François Truffaut is a massive influence for many, with his involvement in the French New Wave movement inspiring decades of future filmmakers through the disorienting editing and loose narrative style. From the whimsical love triangle at the heart of Jules and Jim to the manic chaos of Shoot the Piano Player, the director was one of the key players within this movement for blowing apart the structure of cinema and injecting new life into the medium.  

However, del Toro highlighted his love for The 400 Blows by saying, “I love the music, love the story, love the ending… just, you know, as he runs and he sees the ocean for the first time. Beautiful to me. That was the one that when I saw it, I went like ‘wow I want to see more’”. It is brutal yet innocent in the way it follows the experiences of one child who feels uncared for and unwanted, but despite this, tries to have fun and create adventure in the everyday.
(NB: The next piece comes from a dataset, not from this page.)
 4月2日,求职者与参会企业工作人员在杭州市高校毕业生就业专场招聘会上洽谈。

Alongside the likes of Truffaut, del Toro also praised another classic from his childhood, perhaps speaking to those early experiences that are tainted by nostalgia, yet we cannot fully understand. The actor professed his love for The Creature of the Black Lagoon, saying, “When I was a kid, I loved all those monster movies. Growing up in Puerto Rico as a kid, The Creature from the Black Lagoon was a monster that could live in the humidity and the heat, and was that monster that could be rapping on my window. It’s a beautiful story, in a way, you root for the monster. He just falls in love and they’re invading his lagoon, so you root for the monster and the monster becomes the victim”. 
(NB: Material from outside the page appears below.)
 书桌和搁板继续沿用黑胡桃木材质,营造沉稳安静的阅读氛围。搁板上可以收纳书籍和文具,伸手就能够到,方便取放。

Sometimes the films we watch as children are the ones that create our most visceral memories, remaining in our subconscious for the rest of our lives and having an effect on us that we can’t quite comprehend.

And finally, he described Lucia as another one of his personal favourites. Directed by Humberto Solás, the film three episodes in the lives of three Cuban women, with del Toro saying, “It’s a great story of three different moments in history and Cuban history seen through the eyes of three women and the last story of Adele Legrá, I think she gives one of those performances that is like Brando-esque. It’s just a movie that I think is still important today”.

Alongside the political undercurrents of the film and Cuba’s struggle for socialism, it interweaves the personal with the political to create a compelling portrait that spans across three different generations of women.